(Data items)
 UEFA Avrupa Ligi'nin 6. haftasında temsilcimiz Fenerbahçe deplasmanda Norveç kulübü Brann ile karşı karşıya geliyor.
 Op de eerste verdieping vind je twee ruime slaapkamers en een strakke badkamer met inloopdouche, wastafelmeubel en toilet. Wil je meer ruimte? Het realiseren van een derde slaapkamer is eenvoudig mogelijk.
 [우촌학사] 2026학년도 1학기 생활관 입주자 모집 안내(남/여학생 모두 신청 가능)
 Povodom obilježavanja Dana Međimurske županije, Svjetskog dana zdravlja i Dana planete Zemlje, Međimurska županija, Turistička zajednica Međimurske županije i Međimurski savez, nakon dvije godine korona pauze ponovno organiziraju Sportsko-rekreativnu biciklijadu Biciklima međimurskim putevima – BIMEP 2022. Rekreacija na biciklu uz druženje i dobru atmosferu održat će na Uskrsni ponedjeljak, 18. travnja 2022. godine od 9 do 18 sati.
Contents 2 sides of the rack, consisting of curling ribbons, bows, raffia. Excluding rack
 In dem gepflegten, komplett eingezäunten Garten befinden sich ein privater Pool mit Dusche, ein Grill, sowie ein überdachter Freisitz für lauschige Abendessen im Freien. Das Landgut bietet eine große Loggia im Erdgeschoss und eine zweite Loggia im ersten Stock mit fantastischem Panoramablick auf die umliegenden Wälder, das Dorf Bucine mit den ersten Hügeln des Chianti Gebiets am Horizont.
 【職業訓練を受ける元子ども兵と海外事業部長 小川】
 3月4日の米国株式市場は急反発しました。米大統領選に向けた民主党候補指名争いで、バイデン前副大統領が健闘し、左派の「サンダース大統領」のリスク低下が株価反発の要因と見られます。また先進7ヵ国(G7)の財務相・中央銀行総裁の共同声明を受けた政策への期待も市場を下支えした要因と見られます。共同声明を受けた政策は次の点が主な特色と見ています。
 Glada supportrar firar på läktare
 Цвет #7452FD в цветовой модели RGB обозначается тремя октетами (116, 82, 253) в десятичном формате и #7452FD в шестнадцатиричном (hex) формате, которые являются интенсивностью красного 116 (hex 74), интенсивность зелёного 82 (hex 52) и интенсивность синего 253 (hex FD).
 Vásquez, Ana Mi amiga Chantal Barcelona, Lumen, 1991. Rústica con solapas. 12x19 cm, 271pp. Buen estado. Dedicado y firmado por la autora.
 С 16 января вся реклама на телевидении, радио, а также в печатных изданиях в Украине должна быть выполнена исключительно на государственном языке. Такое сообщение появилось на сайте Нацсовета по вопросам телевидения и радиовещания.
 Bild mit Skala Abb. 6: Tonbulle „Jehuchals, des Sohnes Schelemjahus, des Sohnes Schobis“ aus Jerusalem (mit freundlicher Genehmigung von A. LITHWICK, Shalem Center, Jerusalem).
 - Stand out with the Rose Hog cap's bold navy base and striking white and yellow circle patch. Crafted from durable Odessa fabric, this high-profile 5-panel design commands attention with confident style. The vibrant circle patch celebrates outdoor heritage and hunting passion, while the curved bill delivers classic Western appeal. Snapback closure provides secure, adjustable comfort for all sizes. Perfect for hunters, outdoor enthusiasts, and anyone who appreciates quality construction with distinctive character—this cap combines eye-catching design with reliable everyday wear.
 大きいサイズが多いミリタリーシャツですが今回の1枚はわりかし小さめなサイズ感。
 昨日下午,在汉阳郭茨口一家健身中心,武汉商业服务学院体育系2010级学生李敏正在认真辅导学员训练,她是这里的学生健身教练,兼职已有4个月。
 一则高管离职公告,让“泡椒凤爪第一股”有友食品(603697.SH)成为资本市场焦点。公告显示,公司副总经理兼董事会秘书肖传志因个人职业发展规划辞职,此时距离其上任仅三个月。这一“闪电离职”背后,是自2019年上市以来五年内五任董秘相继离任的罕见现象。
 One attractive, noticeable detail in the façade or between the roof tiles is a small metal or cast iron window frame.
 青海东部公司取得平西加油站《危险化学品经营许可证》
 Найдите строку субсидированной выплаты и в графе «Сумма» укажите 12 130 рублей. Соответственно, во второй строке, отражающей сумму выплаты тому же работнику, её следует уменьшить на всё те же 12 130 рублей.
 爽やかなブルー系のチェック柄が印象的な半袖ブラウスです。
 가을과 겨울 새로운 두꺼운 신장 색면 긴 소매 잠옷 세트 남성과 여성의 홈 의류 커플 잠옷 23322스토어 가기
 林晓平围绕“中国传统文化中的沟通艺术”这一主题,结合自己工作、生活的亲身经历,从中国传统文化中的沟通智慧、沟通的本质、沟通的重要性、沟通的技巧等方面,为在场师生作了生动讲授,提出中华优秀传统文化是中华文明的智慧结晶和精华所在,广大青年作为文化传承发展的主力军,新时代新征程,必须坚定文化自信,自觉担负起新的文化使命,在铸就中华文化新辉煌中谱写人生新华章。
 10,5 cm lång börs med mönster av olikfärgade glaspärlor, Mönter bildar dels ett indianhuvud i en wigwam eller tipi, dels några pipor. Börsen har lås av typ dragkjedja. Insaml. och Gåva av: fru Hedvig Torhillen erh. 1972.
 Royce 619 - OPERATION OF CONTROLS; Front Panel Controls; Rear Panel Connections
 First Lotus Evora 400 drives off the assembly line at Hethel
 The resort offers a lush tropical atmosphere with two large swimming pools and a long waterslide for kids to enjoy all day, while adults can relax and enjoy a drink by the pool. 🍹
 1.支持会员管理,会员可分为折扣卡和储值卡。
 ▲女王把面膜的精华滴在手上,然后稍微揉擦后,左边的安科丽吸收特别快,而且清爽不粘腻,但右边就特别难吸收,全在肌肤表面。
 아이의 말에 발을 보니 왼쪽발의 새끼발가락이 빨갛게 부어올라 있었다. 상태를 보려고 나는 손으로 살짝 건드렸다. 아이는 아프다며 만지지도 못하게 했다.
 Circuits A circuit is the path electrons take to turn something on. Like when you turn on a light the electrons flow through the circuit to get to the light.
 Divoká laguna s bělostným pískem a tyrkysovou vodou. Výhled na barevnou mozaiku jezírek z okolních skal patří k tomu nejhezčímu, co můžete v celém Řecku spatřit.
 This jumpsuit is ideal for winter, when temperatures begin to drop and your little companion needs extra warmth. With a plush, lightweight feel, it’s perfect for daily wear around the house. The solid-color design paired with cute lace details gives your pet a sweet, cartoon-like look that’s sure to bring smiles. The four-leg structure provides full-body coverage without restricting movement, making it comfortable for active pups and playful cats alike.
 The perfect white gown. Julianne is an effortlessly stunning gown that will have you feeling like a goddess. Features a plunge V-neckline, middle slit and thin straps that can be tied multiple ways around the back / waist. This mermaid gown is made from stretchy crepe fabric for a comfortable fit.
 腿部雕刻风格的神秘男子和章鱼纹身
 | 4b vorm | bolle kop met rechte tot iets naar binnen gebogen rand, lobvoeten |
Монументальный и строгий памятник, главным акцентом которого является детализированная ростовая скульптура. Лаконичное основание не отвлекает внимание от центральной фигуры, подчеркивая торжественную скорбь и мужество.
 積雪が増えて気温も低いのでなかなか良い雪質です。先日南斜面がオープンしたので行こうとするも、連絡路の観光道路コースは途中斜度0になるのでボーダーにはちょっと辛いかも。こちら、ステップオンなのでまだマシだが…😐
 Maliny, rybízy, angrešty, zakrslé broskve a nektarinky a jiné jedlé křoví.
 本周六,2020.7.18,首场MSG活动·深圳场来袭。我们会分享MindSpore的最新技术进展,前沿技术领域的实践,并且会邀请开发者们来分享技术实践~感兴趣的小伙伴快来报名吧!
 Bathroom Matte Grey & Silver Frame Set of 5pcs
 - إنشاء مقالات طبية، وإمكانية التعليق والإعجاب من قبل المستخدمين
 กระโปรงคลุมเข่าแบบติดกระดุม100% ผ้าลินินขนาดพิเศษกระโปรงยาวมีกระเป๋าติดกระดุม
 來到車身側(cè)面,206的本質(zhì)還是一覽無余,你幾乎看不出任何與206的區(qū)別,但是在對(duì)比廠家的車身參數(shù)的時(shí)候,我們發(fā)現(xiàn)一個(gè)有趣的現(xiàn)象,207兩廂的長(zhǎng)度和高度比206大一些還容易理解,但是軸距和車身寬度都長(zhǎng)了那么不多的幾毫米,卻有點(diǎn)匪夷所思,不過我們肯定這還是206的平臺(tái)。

◆ WHAT YOU WILL DO
Lines from the one containing "積雪が増えて気温も低いのでな" through the final line of the entries are the only ones to print, and each must match exactly.

◆ WRITTEN REPLY
 積雪が増えて気温も低いのでなかなか良い雪質です。先日南斜面がオープンしたので行こうとするも、連絡路の観光道路コースは途中斜度0になるのでボーダーにはちょっと辛いかも。こちら、ステップオンなのでまだマシだが…😐
 Maliny, rybízy, angrešty, zakrslé broskve a nektarinky a jiné jedlé křoví.
 本周六,2020.7.18,首场MSG活动·深圳场来袭。我们会分享MindSpore的最新技术进展,前沿技术领域的实践,并且会邀请开发者们来分享技术实践~感兴趣的小伙伴快来报名吧!
 Bathroom Matte Grey & Silver Frame Set of 5pcs
 - إنشاء مقالات طبية، وإمكانية التعليق والإعجاب من قبل المستخدمين
 กระโปรงคลุมเข่าแบบติดกระดุม100% ผ้าลินินขนาดพิเศษกระโปรงยาวมีกระเป๋าติดกระดุม
 來到車身側(cè)面,206的本質(zhì)還是一覽無余,你幾乎看不出任何與206的區(qū)別,但是在對(duì)比廠家的車身參數(shù)的時(shí)候,我們發(fā)現(xiàn)一個(gè)有趣的現(xiàn)象,207兩廂的長(zhǎng)度和高度比206大一些還容易理解,但是軸距和車身寬度都長(zhǎng)了那么不多的幾毫米,卻有點(diǎn)匪夷所思,不過我們肯定這還是206的平臺(tái)。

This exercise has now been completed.